▸ **TRY IT**
Nothing but text lines should be duplicated: start with the first line of the listing below and stop after the line holding "这张照片,拍摄于北部日本小学", omitting pictures.

▸ **SUPPLIED DATA**
◇ ◇ ◇ ◇

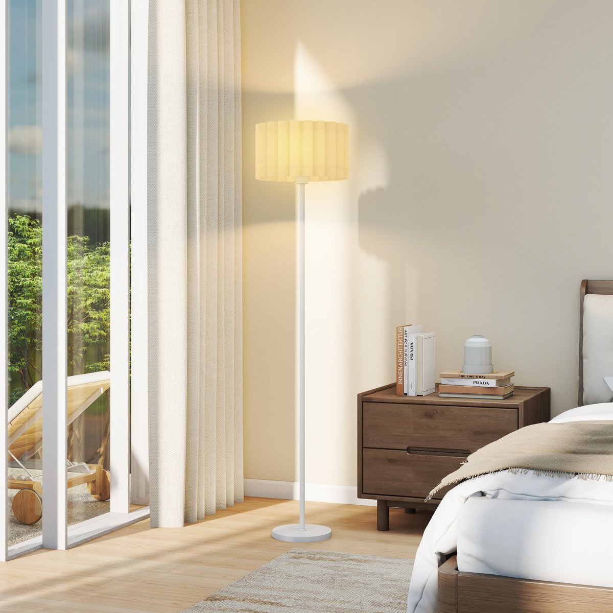 - Sterke materialen: De PVC lampenkap zorgt voor een zachte en gelijkmatige lichtverdeling, terwijl het metalen frame is afgewerkt met krasbestendige lak voor langdurig gebruik
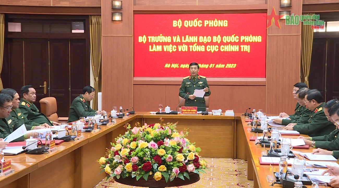 Chiều 31-1, tại Hà Nội, Đại tướng Phan Văn Giang, Ủy viên Bộ Chính trị, Phó bí thư Quân ủy Trung ương, Bộ trưởng Bộ Quốc phòng chủ trì buổi làm việc với Tổng cục Chính trị Quân đội nhân dân Việt Nam về kết quả công tác năm 2022 và triển khai các nhiệm vụ chính trị trọng tâm năm 2023.
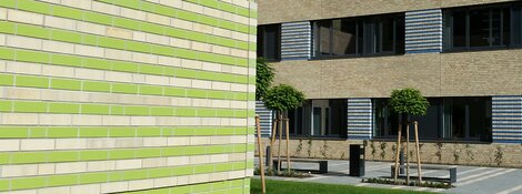 Klinker, Metall und Glas prägen die Anmutung des Institutsneubaus. In zeitgemäßer Anwendung greift das Fassadenmaterial Klinker die bauliche Tradition der seinerzeitig umliegenden Gebäude auf.
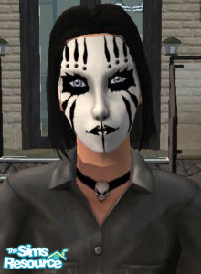 Face paint similar to the mask Slipknot's diminutive drummer wears on stage. Remove eyebrows before using ;-)
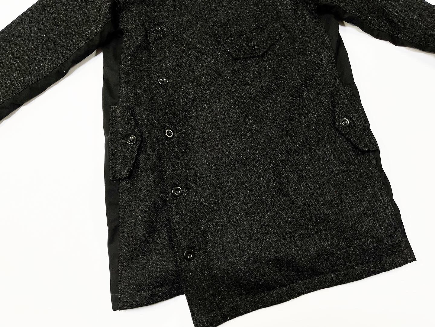 作品説明 : スコットランドのアウターヘブリディーズ諸島産のバージンウールを100%使用したメランジツイード生地を贅沢に使用した襟なしチベットコートになります。
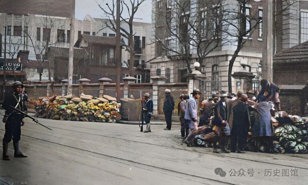 这张照片,拍摄于北部日本小学门口,有日军在站岗。十几个日本居留民在校门口构筑沙袋掩体。
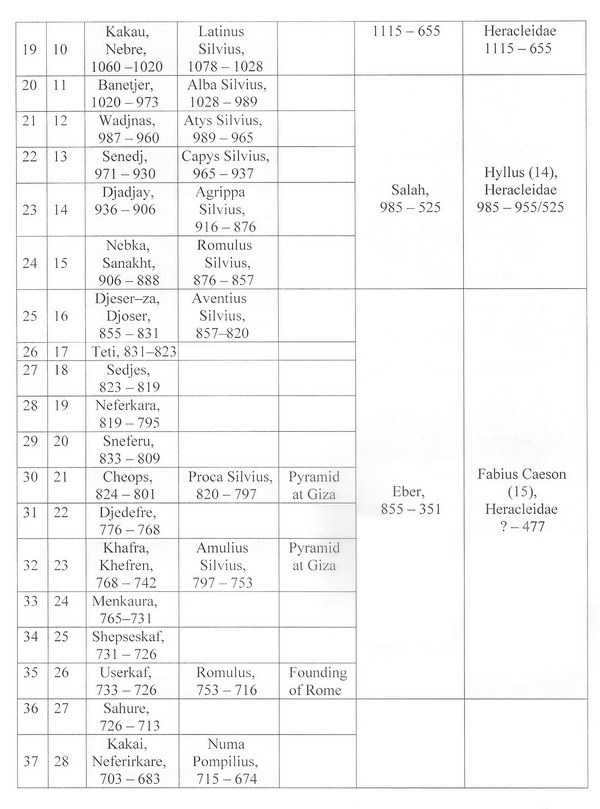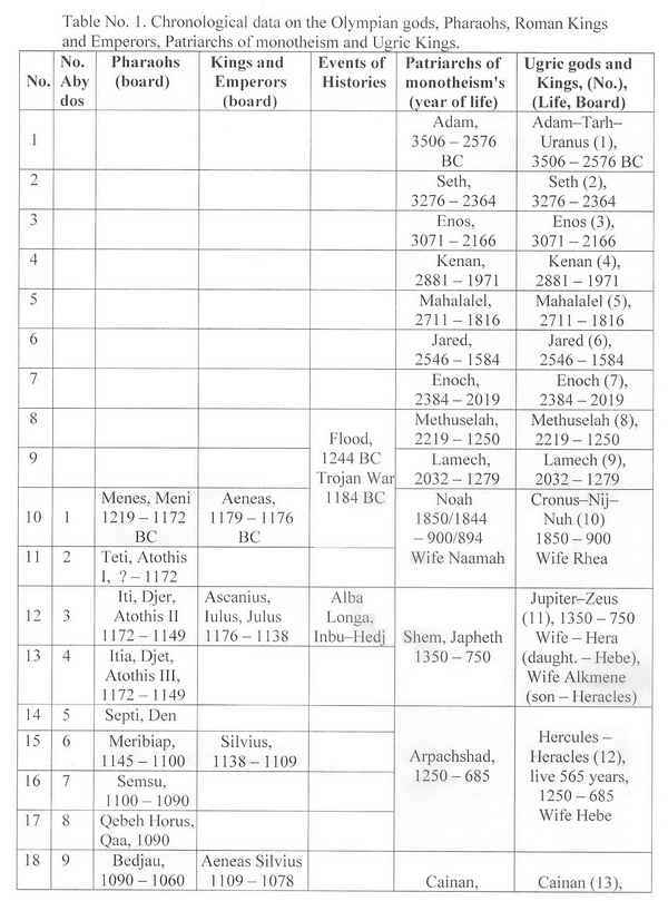 The results of our reconstruction of the ancient history and chronology of monotheistic religions are summarized in Table No. 1. The first column is the serial number of historical figures, including Patriarchs, Pharaohs, Kings and Emperors of Rome, Patriarchs of Islam and Ugric Kings. The second column is the numbers of the Pharaohs on the Abydos list. This is followed by a column of known names of Pharaoh. The fourth column is the Roman names of Pharaohs, Emperors or Kings, as well as the years of their board. In the fifth column indicate information about significant events that occurred during the reign of the Pharaoh or King. In the sixth column we will indicate the names of Biblical and Islamic Patriarchs and the years of live. In the last column we will write the names of the Ugric Kings, the current number, as well as the duration of their life and board. Light gray background in the fields of the table we note the coinciding historical and Biblical personalities, and a darker gray background – the identified personalities of Pharaohs, Kings, Emperors and Patriarchs.

◇ ◇ ◇ ◇

▸ **EXERCISE RESULT**
 - Sterke materialen: De PVC lampenkap zorgt voor een zachte en gelijkmatige lichtverdeling, terwijl het metalen frame is afgewerkt met krasbestendige lak voor langdurig gebruik
 Chiều 31-1, tại Hà Nội, Đại tướng Phan Văn Giang, Ủy viên Bộ Chính trị, Phó bí thư Quân ủy Trung ương, Bộ trưởng Bộ Quốc phòng chủ trì buổi làm việc với Tổng cục Chính trị Quân đội nhân dân Việt Nam về kết quả công tác năm 2022 và triển khai các nhiệm vụ chính trị trọng tâm năm 2023.
 Klinker, Metall und Glas prägen die Anmutung des Institutsneubaus. In zeitgemäßer Anwendung greift das Fassadenmaterial Klinker die bauliche Tradition der seinerzeitig umliegenden Gebäude auf.
 Face paint similar to the mask Slipknot's diminutive drummer wears on stage. Remove eyebrows before using ;-)
 作品説明 : スコットランドのアウターヘブリディーズ諸島産のバージンウールを100%使用したメランジツイード生地を贅沢に使用した襟なしチベットコートになります。
 这张照片,拍摄于北部日本小学门口,有日军在站岗。十几个日本居留民在校门口构筑沙袋掩体。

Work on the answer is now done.